[[ Data block, beginning ]]

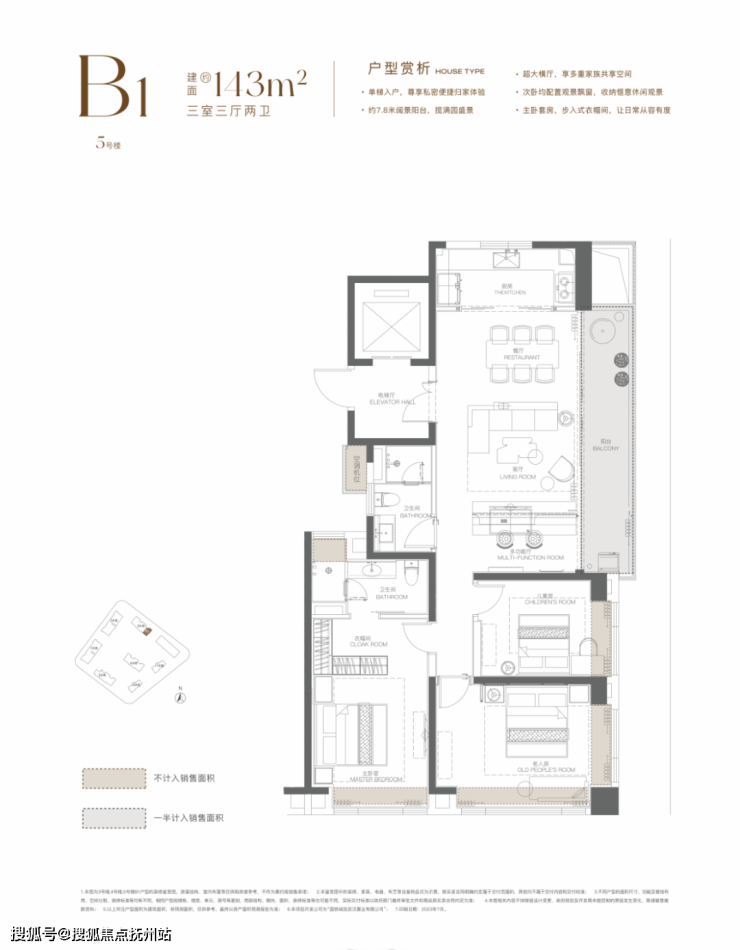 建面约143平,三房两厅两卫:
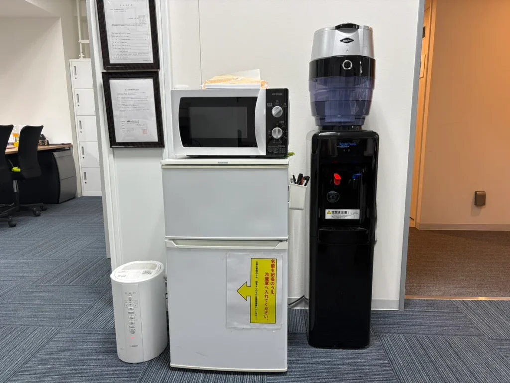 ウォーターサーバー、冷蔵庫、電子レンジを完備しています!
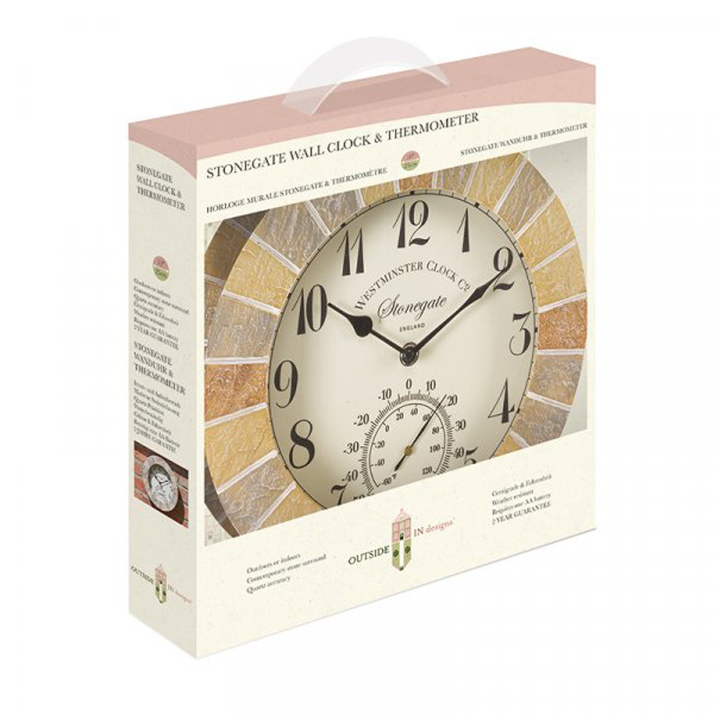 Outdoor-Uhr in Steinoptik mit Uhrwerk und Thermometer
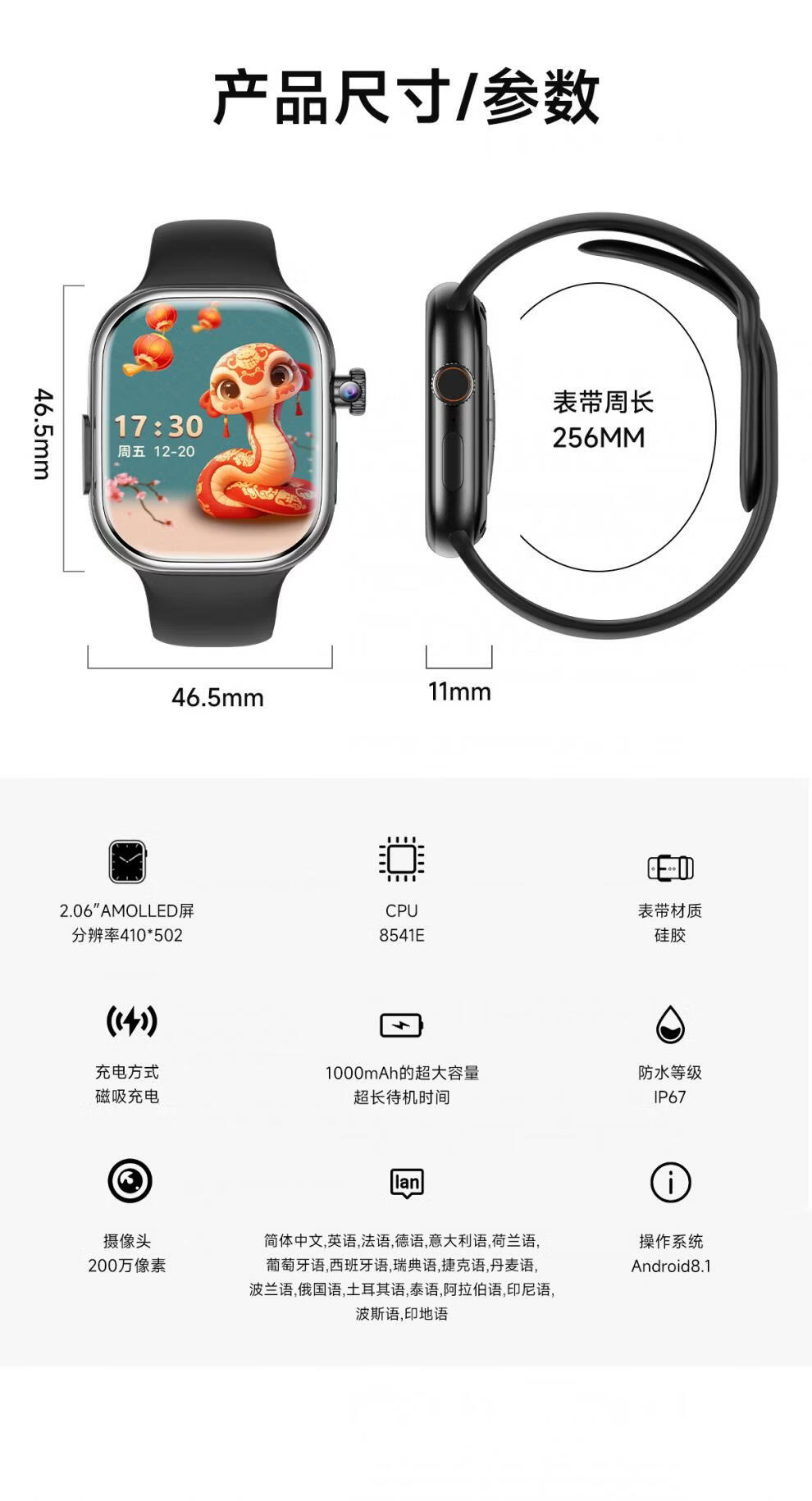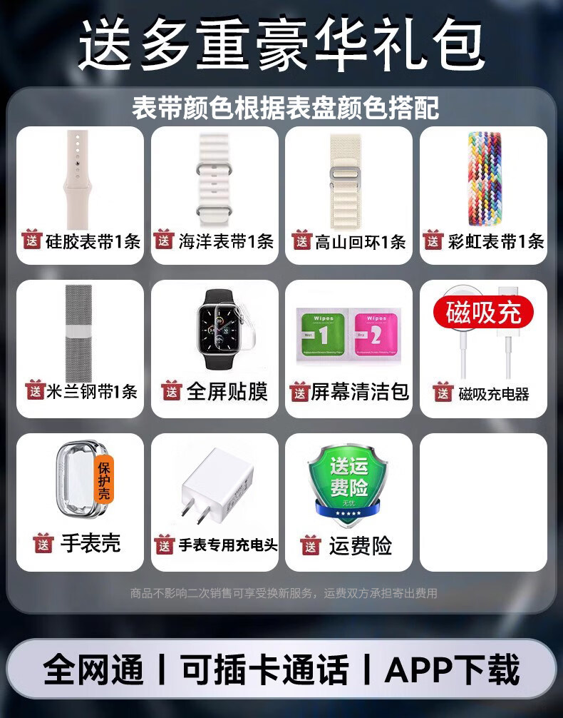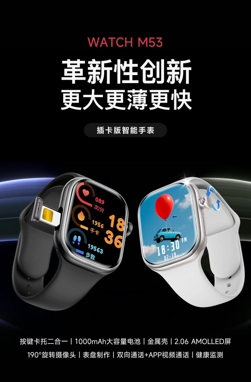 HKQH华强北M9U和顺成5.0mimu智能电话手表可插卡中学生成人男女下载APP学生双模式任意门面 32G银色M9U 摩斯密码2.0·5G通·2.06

[[ Data block, end ]]

What you need to do: Return each of the lines exactly as they appear above, with no images.

Written response:
 建面约143平,三房两厅两卫:
 ウォーターサーバー、冷蔵庫、電子レンジを完備しています!
 Outdoor-Uhr in Steinoptik mit Uhrwerk und Thermometer
 HKQH华强北M9U和顺成5.0mimu智能电话手表可插卡中学生成人男女下载APP学生双模式任意门面 32G银色M9U 摩斯密码2.0·5G通·2.06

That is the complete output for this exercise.